Honeywell (HON) - This is a stock I can't say enough about.  Great management who deliver again and again, as they did when they announced fourth quarter results a few weeks back.  Guidance was a little lower than expected, but this team is known for conservative estimates which they increase or beat through the year.  Expect this company to continue to be a strong performer as the economy improves.  Stock has already pulled back a bit and if we get positive reports this week, I don't think we'll see much more down side to this.  My target is $100.  HON is 18.5% of my portfolio.
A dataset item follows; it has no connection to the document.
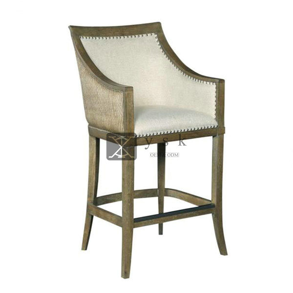 BC-336 Low Backrest Solid Wood French Design Bar Chair With Footrest

Pepsico (PEP) - I admittedly struggle some with this stock.  It recently posted in-line earnings and revenues, earnings growth is in the high single digits, they dramatically increased return to shareholders through dividends and buybacks.  Stock movements since then appear directly related to activist investor actions - either by the actions themselves or investor reactions to it.  I have great faith in the ability and consistency of the Pepsico management team and am sticking with the stock.  It has room for short-term growth as people will add it's shares as a safety stock while things remain uncertain.  PEP is 8.5% of my portfolio

Threes:
Encana Corporation (ECA) - Encana recently reported a beat on earnings and revenues for the fourth quarter.  Additionally a combination of both weather and the Crimean events have lifted both natural gas prices as well as natural gas stocks.  The outlying question is how long will this run last?  I will need to see sustainability in both gas prices and the results from management to maintain my conviction.  What happens to the stock price when political tensions are eased will be key.  It's now at my $20 price target and needs close watching.  This is a stock that has me feeling I need to sell into strength to meet my goals.  ECA is 11.9% of my portfolio.